**Data extract**
--- START ---

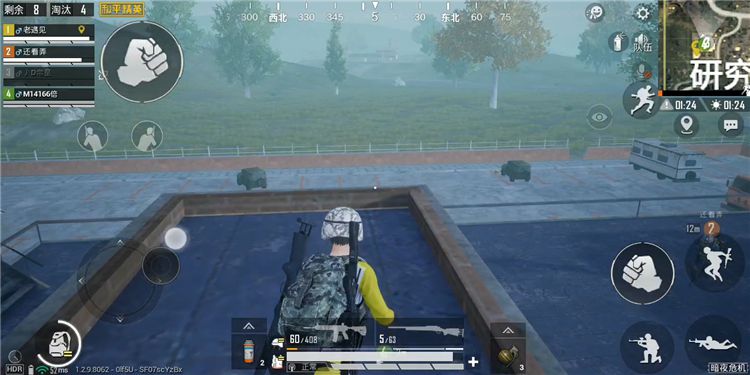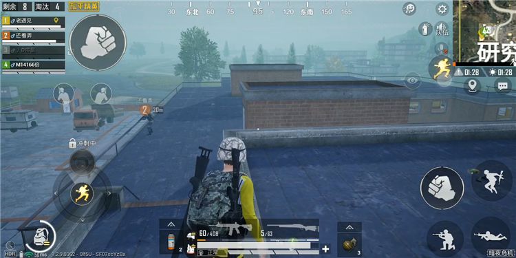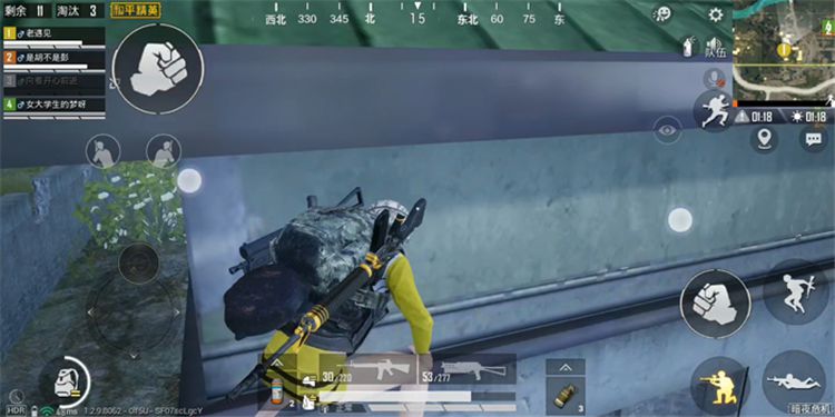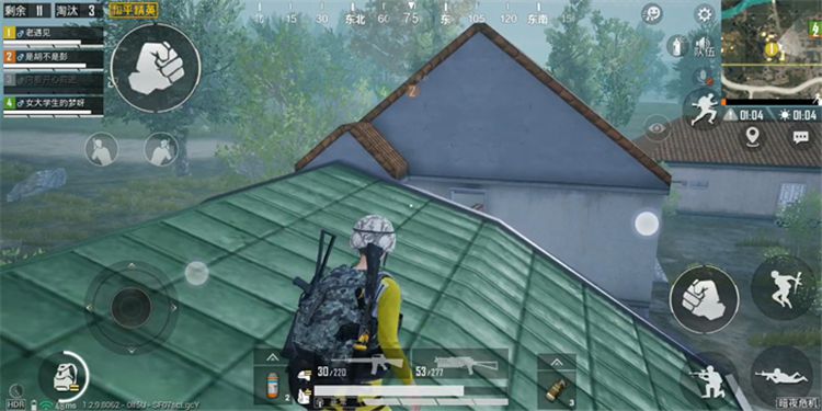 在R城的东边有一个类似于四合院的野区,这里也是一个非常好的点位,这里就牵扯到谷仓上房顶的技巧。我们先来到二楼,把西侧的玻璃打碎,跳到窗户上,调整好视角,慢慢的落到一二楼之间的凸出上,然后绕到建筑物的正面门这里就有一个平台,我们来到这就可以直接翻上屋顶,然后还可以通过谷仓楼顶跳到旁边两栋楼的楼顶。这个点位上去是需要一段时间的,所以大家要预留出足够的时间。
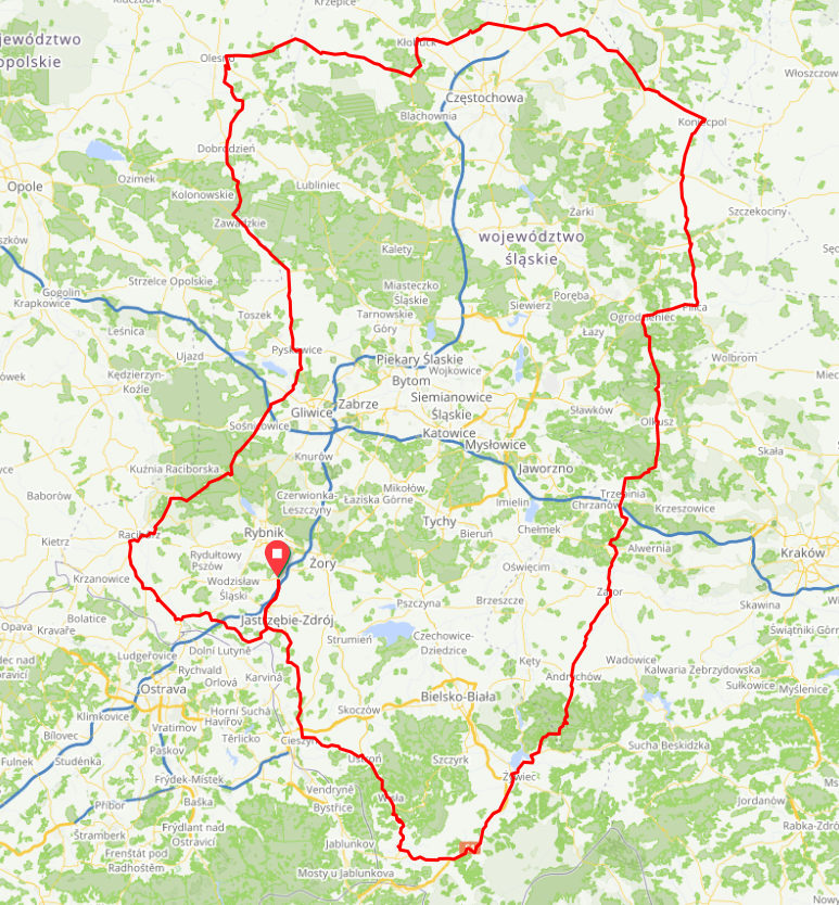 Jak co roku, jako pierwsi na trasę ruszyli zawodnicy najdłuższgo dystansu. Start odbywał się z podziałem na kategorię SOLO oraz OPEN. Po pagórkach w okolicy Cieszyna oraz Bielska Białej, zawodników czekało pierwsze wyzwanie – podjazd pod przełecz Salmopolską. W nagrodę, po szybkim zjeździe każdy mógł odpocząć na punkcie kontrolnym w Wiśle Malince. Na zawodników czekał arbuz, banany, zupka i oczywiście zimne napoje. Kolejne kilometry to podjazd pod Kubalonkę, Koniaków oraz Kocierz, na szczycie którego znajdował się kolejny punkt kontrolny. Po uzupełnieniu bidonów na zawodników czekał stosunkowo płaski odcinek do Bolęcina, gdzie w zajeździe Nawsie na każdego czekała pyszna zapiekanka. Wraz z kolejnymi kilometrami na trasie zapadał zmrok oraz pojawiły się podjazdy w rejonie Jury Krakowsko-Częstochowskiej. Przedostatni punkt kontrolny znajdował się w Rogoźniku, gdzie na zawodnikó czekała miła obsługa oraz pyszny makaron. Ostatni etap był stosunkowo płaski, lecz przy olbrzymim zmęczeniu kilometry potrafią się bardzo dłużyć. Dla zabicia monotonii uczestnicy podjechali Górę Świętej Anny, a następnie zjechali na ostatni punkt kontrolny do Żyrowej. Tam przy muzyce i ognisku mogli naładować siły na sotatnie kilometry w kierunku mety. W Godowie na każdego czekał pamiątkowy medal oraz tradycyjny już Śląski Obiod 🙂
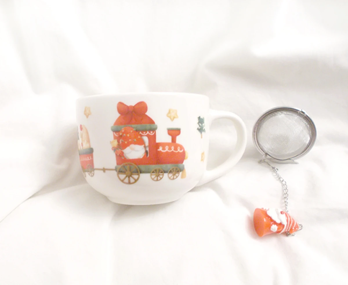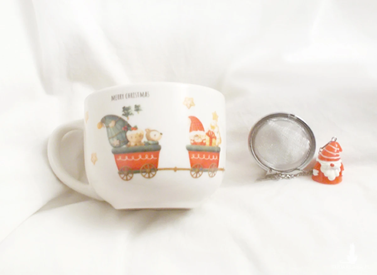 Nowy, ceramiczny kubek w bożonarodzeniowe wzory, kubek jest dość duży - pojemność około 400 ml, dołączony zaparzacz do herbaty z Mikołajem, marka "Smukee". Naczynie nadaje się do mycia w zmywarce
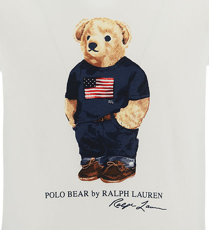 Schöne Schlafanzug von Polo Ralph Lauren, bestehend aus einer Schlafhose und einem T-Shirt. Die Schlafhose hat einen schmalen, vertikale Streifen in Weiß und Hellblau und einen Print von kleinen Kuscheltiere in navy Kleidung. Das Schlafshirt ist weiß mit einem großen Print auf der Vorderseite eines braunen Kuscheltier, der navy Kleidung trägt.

--- END ---

**What to work on**
Pictures must not appear in the copy, which must otherwise match the listing exactly.

**Answer space**
 在R城的东边有一个类似于四合院的野区,这里也是一个非常好的点位,这里就牵扯到谷仓上房顶的技巧。我们先来到二楼,把西侧的玻璃打碎,跳到窗户上,调整好视角,慢慢的落到一二楼之间的凸出上,然后绕到建筑物的正面门这里就有一个平台,我们来到这就可以直接翻上屋顶,然后还可以通过谷仓楼顶跳到旁边两栋楼的楼顶。这个点位上去是需要一段时间的,所以大家要预留出足够的时间。
 Jak co roku, jako pierwsi na trasę ruszyli zawodnicy najdłuższgo dystansu. Start odbywał się z podziałem na kategorię SOLO oraz OPEN. Po pagórkach w okolicy Cieszyna oraz Bielska Białej, zawodników czekało pierwsze wyzwanie – podjazd pod przełecz Salmopolską. W nagrodę, po szybkim zjeździe każdy mógł odpocząć na punkcie kontrolnym w Wiśle Malince. Na zawodników czekał arbuz, banany, zupka i oczywiście zimne napoje. Kolejne kilometry to podjazd pod Kubalonkę, Koniaków oraz Kocierz, na szczycie którego znajdował się kolejny punkt kontrolny. Po uzupełnieniu bidonów na zawodników czekał stosunkowo płaski odcinek do Bolęcina, gdzie w zajeździe Nawsie na każdego czekała pyszna zapiekanka. Wraz z kolejnymi kilometrami na trasie zapadał zmrok oraz pojawiły się podjazdy w rejonie Jury Krakowsko-Częstochowskiej. Przedostatni punkt kontrolny znajdował się w Rogoźniku, gdzie na zawodnikó czekała miła obsługa oraz pyszny makaron. Ostatni etap był stosunkowo płaski, lecz przy olbrzymim zmęczeniu kilometry potrafią się bardzo dłużyć. Dla zabicia monotonii uczestnicy podjechali Górę Świętej Anny, a następnie zjechali na ostatni punkt kontrolny do Żyrowej. Tam przy muzyce i ognisku mogli naładować siły na sotatnie kilometry w kierunku mety. W Godowie na każdego czekał pamiątkowy medal oraz tradycyjny już Śląski Obiod 🙂
 Nowy, ceramiczny kubek w bożonarodzeniowe wzory, kubek jest dość duży - pojemność około 400 ml, dołączony zaparzacz do herbaty z Mikołajem, marka "Smukee". Naczynie nadaje się do mycia w zmywarce
 Schöne Schlafanzug von Polo Ralph Lauren, bestehend aus einer Schlafhose und einem T-Shirt. Die Schlafhose hat einen schmalen, vertikale Streifen in Weiß und Hellblau und einen Print von kleinen Kuscheltiere in navy Kleidung. Das Schlafshirt ist weiß mit einem großen Print auf der Vorderseite eines braunen Kuscheltier, der navy Kleidung trägt.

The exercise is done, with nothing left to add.